Source records:
■ ■ ■ ■ ■

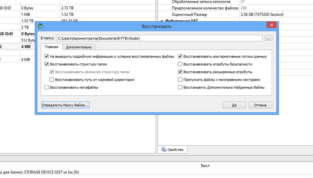 | Остается лишь указать папку для сохранения восстановленных файлов и запустить процесс |
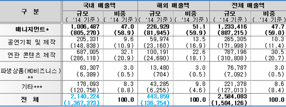 ※ 대중문화예술산업 기획업 매출 규모(분야별)
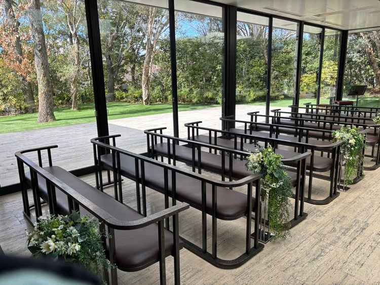 披露宴会場や挙式会場の近くには大きな庭や池も存在し、自然を感じることができる 雨天時の対応には心配がある
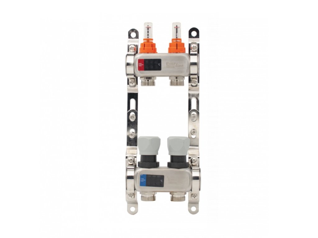 Zostava rozdeľovač/zberač s prietokomerom, INOX 2 cestný 1”x3/4”
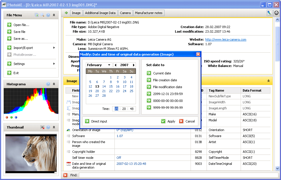 PhotoME - je to silný nástroj pro zobrazování a editování metadat digitálních fotografií. Dále je možno analyzovat a upravovat Exif a IPTC-NAA, stejně jako analyzovat ICC profily.
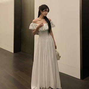 女性用ホワイトワンショルダードレス2025年夏の新しい人気スタイルの見事な海辺の休暇フレンチロングドレス
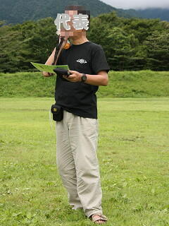 代表の挨拶の図。 靴は昨日の雨でビショビショになってしまったので、サンダルで失礼します。

■ ■ ■ ■ ■

EXERCISE DETAILS -
Give the entries above again word for word, without the pictures.

TASK ANSWER -
 | Остается лишь указать папку для сохранения восстановленных файлов и запустить процесс |
 ※ 대중문화예술산업 기획업 매출 규모(분야별)
 披露宴会場や挙式会場の近くには大きな庭や池も存在し、自然を感じることができる 雨天時の対応には心配がある
 Zostava rozdeľovač/zberač s prietokomerom, INOX 2 cestný 1”x3/4”
 PhotoME - je to silný nástroj pro zobrazování a editování metadat digitálních fotografií. Dále je možno analyzovat a upravovat Exif a IPTC-NAA, stejně jako analyzovat ICC profily.
 女性用ホワイトワンショルダードレス2025年夏の新しい人気スタイルの見事な海辺の休暇フレンチロングドレス
 代表の挨拶の図。 靴は昨日の雨でビショビショになってしまったので、サンダルで失礼します。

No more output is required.